EU Ministers’ cybersecurity deal leaves consumers vulnerable

PRESS STATEMENT - 08.06.2018

EU telecommunication ministers reached a common position today on a certification scheme for connected products and services as well as new measures to bolster the Union’s cybersecurity agency. The plans fall short of making connected products more secure for consumers: manufacturers will not have to adhere to minimum cybersecurity requirements such as security updates or encryption of things like their smart watches or connected cars.

 

BEUC member organisations – national consumer groups – have in recent months revealed safety, security and privacy risks in connected consumer products, especially smart toys and smart homes.1 Connected toys could easily be hacked allowing strangers to talk to a child for example. Smart home appliances (such as thermostats used for heating and door locks) can damage a family’s safety, security and economic situation.

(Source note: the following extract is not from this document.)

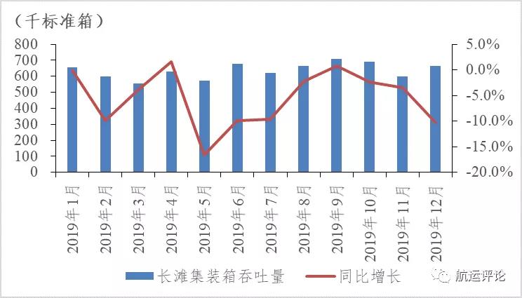 2019年,長灘港共完成763.2萬標準箱,同比下降5.7%。由于限制性關稅繼續拖累港口供應鏈,今年以來長灘港集裝箱吞吐量增速除了4月份和9月份保持1.6%和0.8%的較低增速外,其他月份均處于負增長區間。其中5月份、6月份、10月份增速跌破-10%。可見關稅嚴重阻礙跨太平洋貿易。

The EU’s plans for a certification scheme which is only voluntary will not help improve the security features of connected products.

The proposal’s final shape will depend on negotiations between Member States and the European Parliament. The latter will vote later this month to set its own position.

Monique Goyens, Director General of BEUC, commented:

“This is a missed opportunity. Without mandatory security requirements, producers can still sell connected products which lack basic security standards.

“Connected products are invading consumers’ lives and houses. When toys, toothbrushes and toasters can connect to the internet, basic security features such as password protection and encryption must be the norm. Too often this is not the case, which puts consumers, and especially children, at risk.2

“Member States and the European Parliament need to oblige manufacturers to have products that are cybersecure by design and by default when put on our markets.”

 

END

 

1 BEUC member organisations who tested connected products include (UK), (BE), (DE), (NO) and (ES).

2 86% of consumers – according to a survey from 2017 – believe that there is a risk of being victim of a cybercrime.